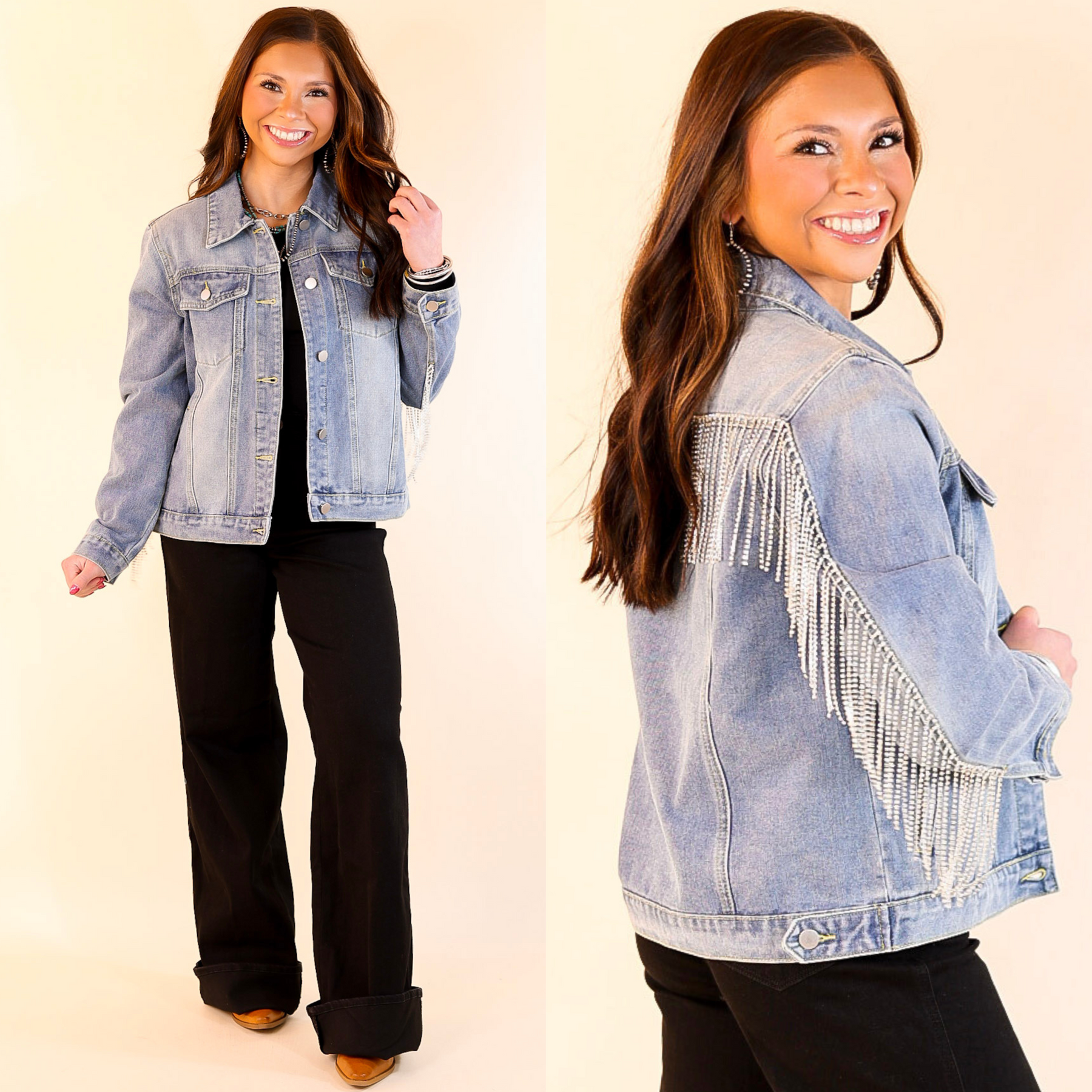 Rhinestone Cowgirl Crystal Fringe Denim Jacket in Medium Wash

==============================

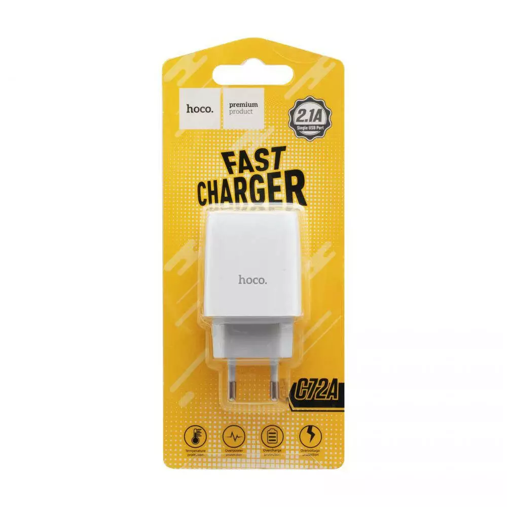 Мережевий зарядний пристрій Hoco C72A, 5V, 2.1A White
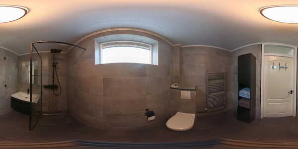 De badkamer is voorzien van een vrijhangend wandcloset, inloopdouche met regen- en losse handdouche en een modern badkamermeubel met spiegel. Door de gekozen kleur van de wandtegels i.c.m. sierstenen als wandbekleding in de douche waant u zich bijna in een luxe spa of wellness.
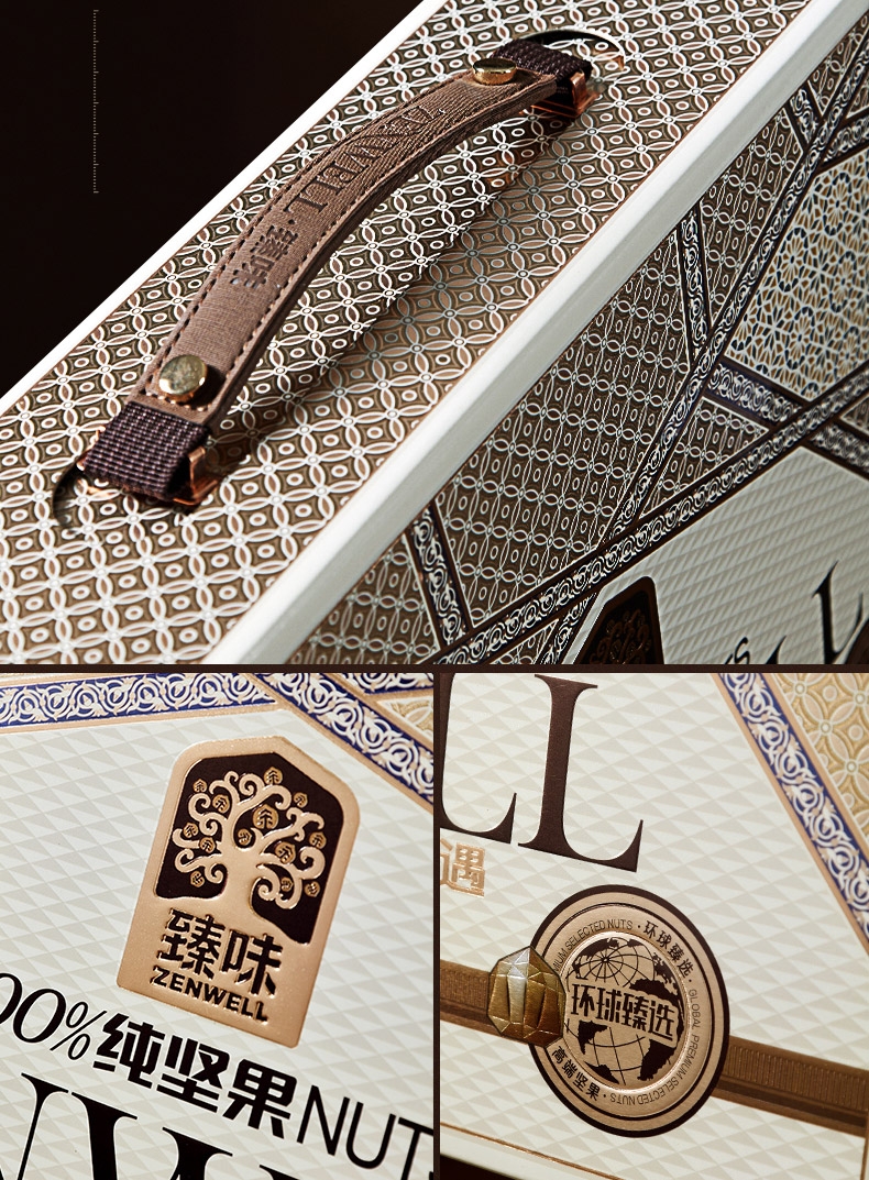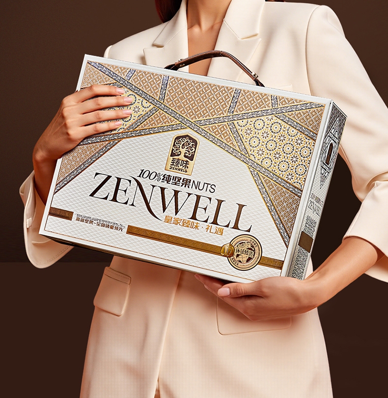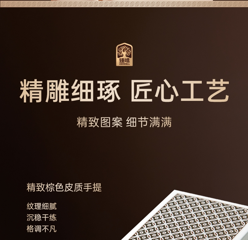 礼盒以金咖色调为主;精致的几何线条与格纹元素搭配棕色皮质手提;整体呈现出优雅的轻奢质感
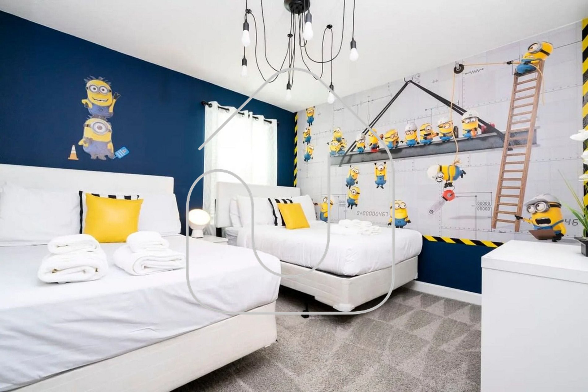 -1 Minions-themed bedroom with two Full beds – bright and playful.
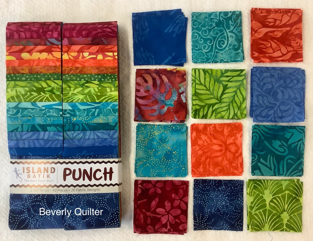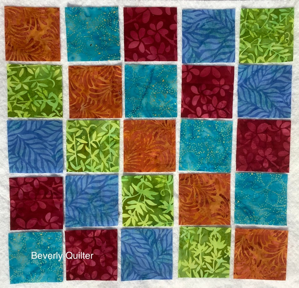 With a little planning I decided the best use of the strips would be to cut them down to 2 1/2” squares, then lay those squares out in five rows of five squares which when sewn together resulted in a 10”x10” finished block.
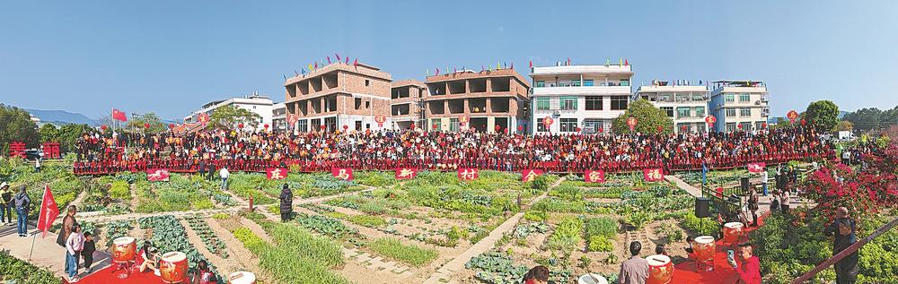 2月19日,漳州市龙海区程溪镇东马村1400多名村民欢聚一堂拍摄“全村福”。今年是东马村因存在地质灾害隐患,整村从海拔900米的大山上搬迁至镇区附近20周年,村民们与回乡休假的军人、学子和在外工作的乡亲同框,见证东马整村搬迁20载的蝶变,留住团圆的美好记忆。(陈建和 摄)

==============================

PROBLEM TO WORK ON →
Print nothing except the lines above from the one containing "With a little" down to the one containing "2月19日,漳州市龙海区程溪", both included, exactly as written and free of pictures.

EXPECTED ANSWER →
 With a little planning I decided the best use of the strips would be to cut them down to 2 1/2” squares, then lay those squares out in five rows of five squares which when sewn together resulted in a 10”x10” finished block.
 2月19日,漳州市龙海区程溪镇东马村1400多名村民欢聚一堂拍摄“全村福”。今年是东马村因存在地质灾害隐患,整村从海拔900米的大山上搬迁至镇区附近20周年,村民们与回乡休假的军人、学子和在外工作的乡亲同框,见证东马整村搬迁20载的蝶变,留住团圆的美好记忆。(陈建和 摄)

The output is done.